Дэн поглядывает на часы, потом снова на меня.
— Уже пора, — говорит он. — Время ехать. Ты в порядке?
Я молча киваю. Он встает и подходит ко мне, протягивая обе руки. Я беру их, и он ставит меня на ноги.
Я вытряхиваю конюшенную пыль из новенького черного платья, и мы идем к дому.
* * *
Вот оно, завершение всех земных дел. Итог всех наших стремлений. Деревянный ящик над раскрытой могилой…
Я никогда не присутствовала на похоронах. Такая вот я ходячая аномалия. По глупости я ожидала, что гроб опустят вниз могильщики. Люди с каменно-неподвижными лицами, которые встанут по трое справа и слева и будут медленно отпускать веревки, пока гроб не ляжет на дно.
Вместо этого гроб с телом отца покоится на двух синих поперечинах, его удерживает прямоугольное устройство, установленное над могилой.
Невозможно поверить, что это он там, внутри… Еще трудней мысль о том, что все, делавшее его моим папой, — его душа, его сущность — улетучилось неизвестно куда. Знать бы куда. Рассеялось ли, подобно завитку дыма? И если так, то сразу это происходит или постепенно? А может, душа еще здесь, витает рядом с оставленным телом? Понимает ли папа, что происходит? Может, он с ума сходит, запертый в темноте? Может, нам выпустить его оттуда?..
Священник поет, негромко выводя красивый мотив:
— In paradisum deducant te Angeli; in tuo adventu suscipiant te Martyres…
Рядом со мной стоят Мутти и Ева. Хмурый Дэн — по ту сторону. С нами здесь еще дюжины три человек.
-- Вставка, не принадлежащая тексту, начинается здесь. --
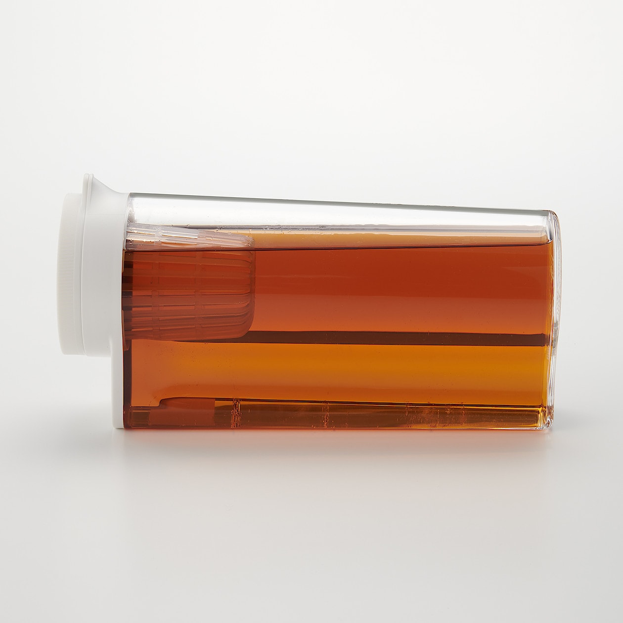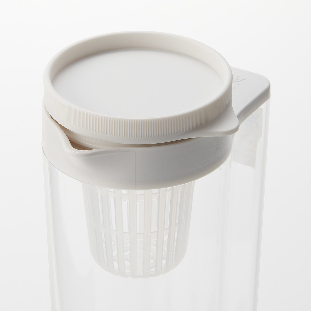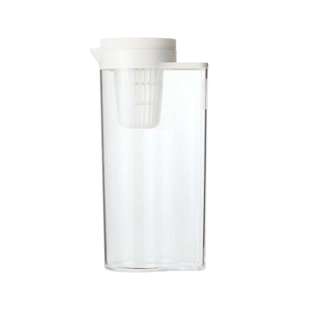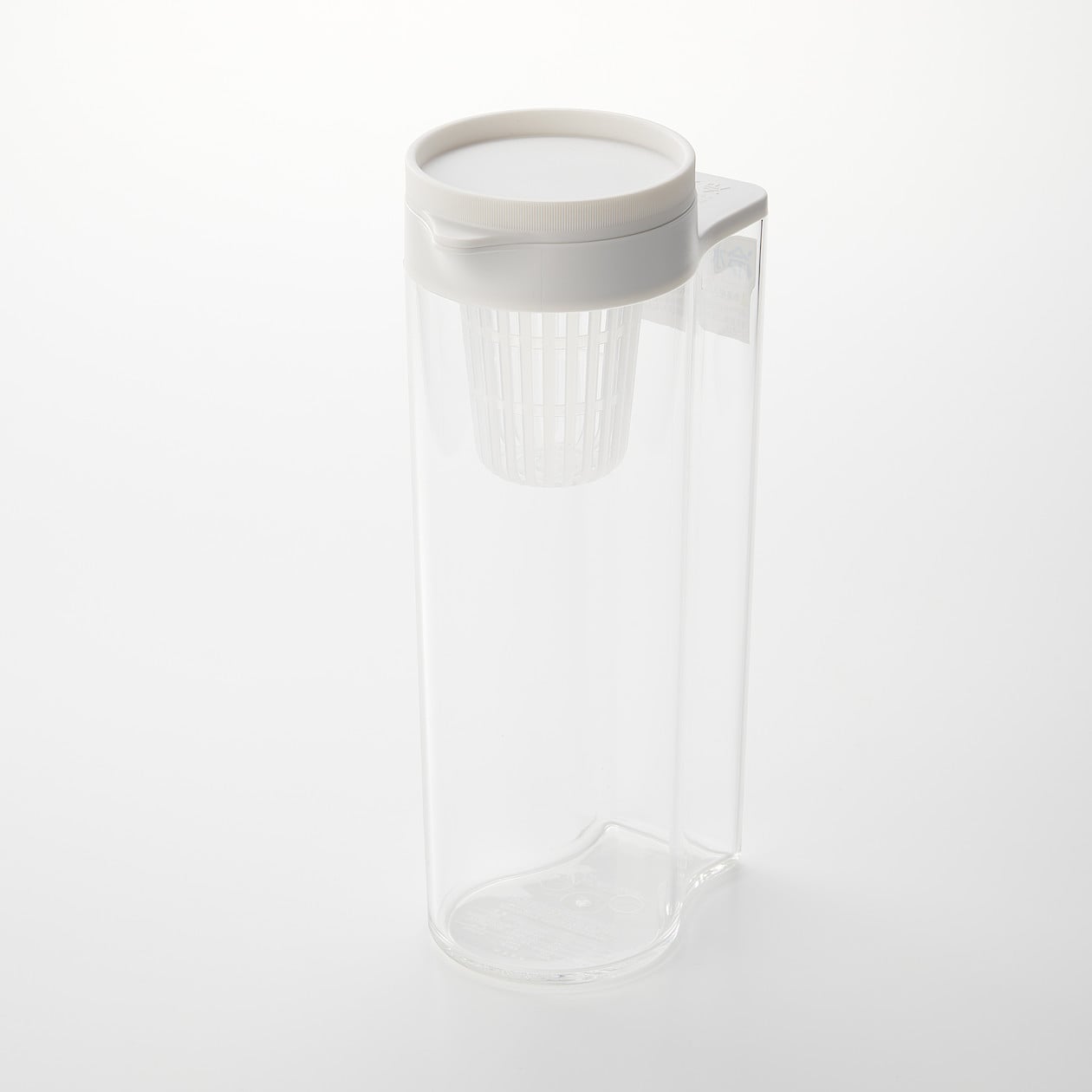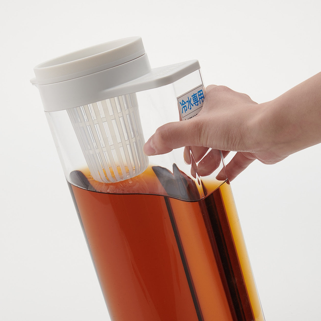 シンプルなデザインで2L入る大容量のジャグです。ねじ式で取外し簡単な水出しお茶パック入れ付です。たて置き・よこ置きができ、口が大きいので中が洗いやすい仕様になっています。

Существенно меньше, чем было на заупокойной службе.
Я даже удивилась, сколько народу пришло. Мутти и папа никогда не отличались общительностью. Они не устраивали вечеринок, не состояли в клубах, а всей родни — какие-то дальние кузены в Австрии. И вот поди ж ты…
— Dominus Deus Israel: quia visitavit et fecit redemptionem plebis suae. Et erexit cornu salutis nobis, in domo David pueri sui. Sicut locutus est…
Господи, гроб начинает опускаться. Моего папу поглощает земля. Я затаиваю дыхание, чтобы не закричать: «Стойте, стойте! Что вы делаете!..»
Я удерживаю воздух в легких и сосредотачиваюсь на том, чтобы стоять неподвижно…
Гроб продолжает уходить вниз, медленно, плавно, пока полированная крышка не исчезает из виду.
Вот его и не стало. Совсем…
Я все не могу объять эту мысль. Как это может быть, чтобы кого-то — не стало? Ну то есть в теории мы все понимаем, что жизнь — это дуга. В детстве мы стартуем по восходящей, переживаем высший взлет — и медленно идем вниз. А там и кончина.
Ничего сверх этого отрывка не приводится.